Windows Spellcheck released: Here's how to get it
This week Windows Spellcheck was released for Windows devices. This is a Microsoft-made spellchecking system, ready to support devices with Windows 8.1 and higher. Before now, Windows devices were using open-source proofing tools for spell checking on Microsoft Edge and other Chromium browsers – but no more!
This system might eventually work across the entirety of Windows. At launch, it'll be included with Microsoft Edge 83. That's the latest version of Microsoft Edge, the main standard web browser for all Windows devices. If you're using Edge, you're probably using this new spellchecking system by default.
If you'd like to be sure, open Microsoft Edge and navigate to the following address: edge://settings/languages. There you'll find your preferred language, and the ability to "Offer to translate pages that aren't in a language you read. The spellchecking bit comes in the "Check Spelling" section of the Languages page.
By default, your Edge browser will likely have English, English (United States), and maybe one other. If you'd like to install other languages to spellcheck, you can do so through Windows Settings.
Head to Settings – Time & Language – Language – select Add a preferred language. Previous Microsoft Edge spellchecking was provided by Hunspell. Per Microsoft's release on the subject, Microsoft will fall back to prior experience from Hunspell if a necessary language pack is not yet available.

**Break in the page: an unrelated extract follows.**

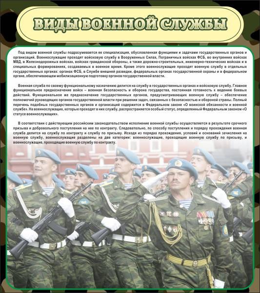 Стенд "Виды военной службы" - fgospostavki.ru - Махачкала

An interesting bit here – this isn't open sourced, but it'll still (apparently) benefit "all Chromium-based browsers". Bo Cupp, Principal Software Engineer, Microsoft Edge, and Grisha Lyukshin, Program Manager, Microsoft Edge, thanked Guillaume Jenkins and Rouslan Solomakhin (Google), and Bruce Long, Luis Sanchez Padilla, and Siye Liu (Microsoft) for their collaboration in developing Windows Spellcheck integration with the Chromium project.